### TASK TO CARRY OUT
Drop every picture and give the entries back exactly.

### INPUT DATA

*** Begin section ***

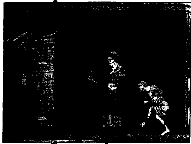
84. Mrzák a nemocný leprou.

Na rozdíl od jednotlivých případů dráždících představivost koloritem a kulisami středověkého podsvětí, působí strohá statistika kriminálních deliktů sice šedivě, avšak o to více odráží skutečný stav věci. Nedávno zveřejněný výzkum kriminality v Olomouci od poloviny 14. století do roku 1420 zahrnul celkem 447 případů, z nichž více než polovinu tvořilo zabití (55 %). Co do početnosti následovaly zranění (15 %) a krádeže (9 %). Celé tři čtvrtiny pachatelů pocházely z Olomouce a jeho předměstí, přičemž naprostá většina z nich patřila k měšťanům různé zámožnosti i profese nebo k selskému obyvatelstvu blízkého okolí. Jen 36 osob se dopustilo několikanásobné trestné činnosti, z čehož plyne, že olomoucké podsvětí nebylo zvláště početné. V souladu s tím také 99 ze 162 známých pohnutek bylo ekonomické povahy, dosti běžným motivem pak byly osobní i politické rozepře, poměrně vzácné naopak byly delikty sexuální. Za povšimnutí také
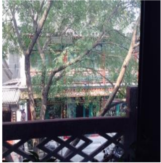
二樓落地窗外的街景

榮寶齋在書畫圈赫赫有名，很多人會專程去購買手工宣紙，店員也會依據客人所屬的宗派、師承及擅長題材(山水或花鳥靜物等)推薦適合的用紙，它不只是一間老書店而已，其多角、專業且永續的經營手法，或許值得國內的獨立書店及傳統產業職人借鏡。
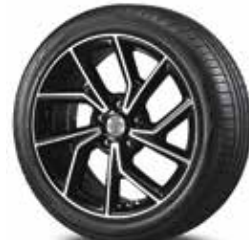
Jante aliaj 18"

Mostrele de culoare prezentate pot varia ușor față de realitate, din cauza condițiilor de iluminare și a procesului de tipărire. Pentru informații complete cu privire la disponibilitatea culorilor și a tapițeriei, vă rugăm să contactați distribuitorii Hyundai Auto România.
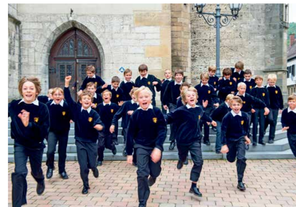
Der Tölzer Knabenchor zählt seit über 60 Jahren zu den gefragtesten Knabenchören der Welt und bestreitet mehr als 150 Auftritte im Jahr.
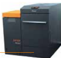
Peletové kotle Biopel Line 10 – 40 kW
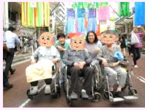
7月 平塚七夕祭りにて
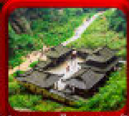
* อุทยานหลุมฟ้าสะพานสวรรค์ *
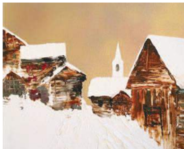
Des quartiers de village sous la neige. Toute une atmosphère. LDD

«Hiver Rudin», vernissage le 20 décembre à partir de 17 h, Vercorin, galerie Minuscule.
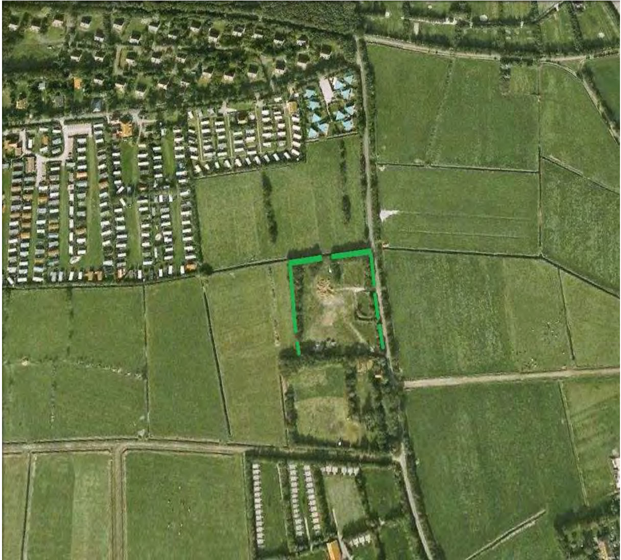
Kaart 9. Boomsingels als onderdeel van de planologische EHS (groen).

De bouw van een klein park met recreatiewoningen op het terrein van de Westerkeijn, Midsland-Noord -Terschelling; een ecologische beoordeling van het plan
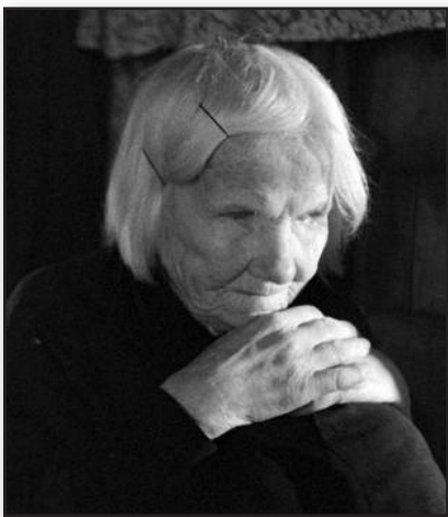
Lietuviškas kinas New Yorke – 10 psl.
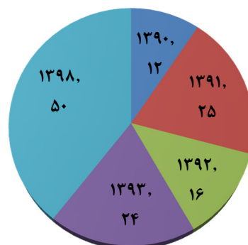
شکل ۳: تعداد پروژه‌های با سازمان‌های همکار در هر سال

دانشگاه به عنوان یک نهاد دانش‌بنیان باید ضمن آگاهی از سطح دانش آشکار و مستند قابل تجاری‌سازی خود، به ثبت و حفاظت از مالکیت معنوی کلیه ذی‌نفعان خود بپردازد و ارزش‌ها و آموزش‌های مرتبط با آن را در میان دانشجویان، فارغ‌التحصیلان و همکاران و ذی‌نفعان خود توسعه دهد.
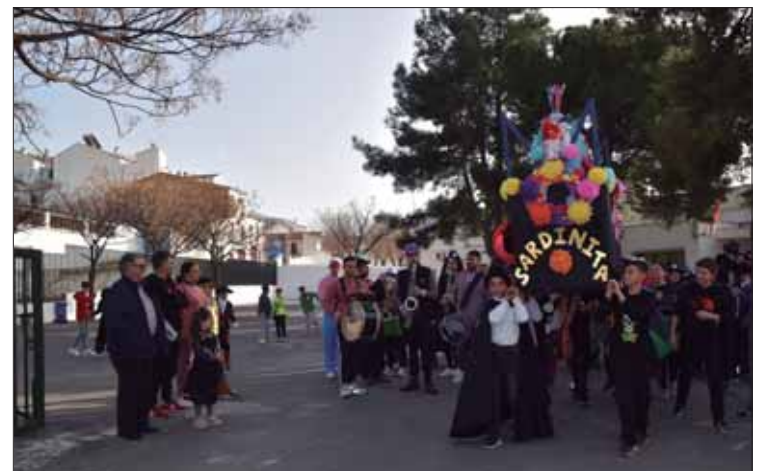
“La sardinita” partió del Fuente del Moral y fue quemada en el Fresno/MM

Tras el bautismo y la primera comunión con la hermana pequeña del arenque, la calle vuelve a ser lugar de peregrinaje. Como quien va a Santiago de Compostela, a Rute se viene en busca de la redención a través del Carnaval. Aquí se purgan los pecados étlicos en las estaciones de penitencia de los bares, acompañando el féretro al compás de la caja y el bombo de las charangas (“Silosé Novengo” por la tarde y “Los Piononos” de noche). El cortejo de felices dolientes celebra la procesión con coronas de flores y petaladas de confeti

*** End section ***

### EXERCISE ANSWER
84. Mrzák a nemocný leprou.

Na rozdíl od jednotlivých případů dráždících představivost koloritem a kulisami středověkého podsvětí, působí strohá statistika kriminálních deliktů sice šedivě, avšak o to více odráží skutečný stav věci. Nedávno zveřejněný výzkum kriminality v Olomouci od poloviny 14. století do roku 1420 zahrnul celkem 447 případů, z nichž více než polovinu tvořilo zabití (55 %). Co do početnosti následovaly zranění (15 %) a krádeže (9 %). Celé tři čtvrtiny pachatelů pocházely z Olomouce a jeho předměstí, přičemž naprostá většina z nich patřila k měšťanům různé zámožnosti i profese nebo k selskému obyvatelstvu blízkého okolí. Jen 36 osob se dopustilo několikanásobné trestné činnosti, z čehož plyne, že olomoucké podsvětí nebylo zvláště početné. V souladu s tím také 99 ze 162 známých pohnutek bylo ekonomické povahy, dosti běžným motivem pak byly osobní i politické rozepře, poměrně vzácné naopak byly delikty sexuální. Za povšimnutí také
二樓落地窗外的街景

榮寶齋在書畫圈赫赫有名，很多人會專程去購買手工宣紙，店員也會依據客人所屬的宗派、師承及擅長題材(山水或花鳥靜物等)推薦適合的用紙，它不只是一間老書店而已，其多角、專業且永續的經營手法，或許值得國內的獨立書店及傳統產業職人借鏡。
Jante aliaj 18"

Mostrele de culoare prezentate pot varia ușor față de realitate, din cauza condițiilor de iluminare și a procesului de tipărire. Pentru informații complete cu privire la disponibilitatea culorilor și a tapițeriei, vă rugăm să contactați distribuitorii Hyundai Auto România.
Der Tölzer Knabenchor zählt seit über 60 Jahren zu den gefragtesten Knabenchören der Welt und bestreitet mehr als 150 Auftritte im Jahr.
Peletové kotle Biopel Line 10 – 40 kW
7月 平塚七夕祭りにて
* อุทยานหลุมฟ้าสะพานสวรรค์ *
Des quartiers de village sous la neige. Toute une atmosphère. LDD

«Hiver Rudin», vernissage le 20 décembre à partir de 17 h, Vercorin, galerie Minuscule.
Kaart 9. Boomsingels als onderdeel van de planologische EHS (groen).

De bouw van een klein park met recreatiewoningen op het terrein van de Westerkeijn, Midsland-Noord -Terschelling; een ecologische beoordeling van het plan
Lietuviškas kinas New Yorke – 10 psl.
شکل ۳: تعداد پروژه‌های با سازمان‌های همکار در هر سال

دانشگاه به عنوان یک نهاد دانش‌بنیان باید ضمن آگاهی از سطح دانش آشکار و مستند قابل تجاری‌سازی خود، به ثبت و حفاظت از مالکیت معنوی کلیه ذی‌نفعان خود بپردازد و ارزش‌ها و آموزش‌های مرتبط با آن را در میان دانشجویان، فارغ‌التحصیلان و همکاران و ذی‌نفعان خود توسعه دهد.
“La sardinita” partió del Fuente del Moral y fue quemada en el Fresno/MM

Tras el bautismo y la primera comunión con la hermana pequeña del arenque, la calle vuelve a ser lugar de peregrinaje. Como quien va a Santiago de Compostela, a Rute se viene en busca de la redención a través del Carnaval. Aquí se purgan los pecados étlicos en las estaciones de penitencia de los bares, acompañando el féretro al compás de la caja y el bombo de las charangas (“Silosé Novengo” por la tarde y “Los Piononos” de noche). El cortejo de felices dolientes celebra la procesión con coronas de flores y petaladas de confeti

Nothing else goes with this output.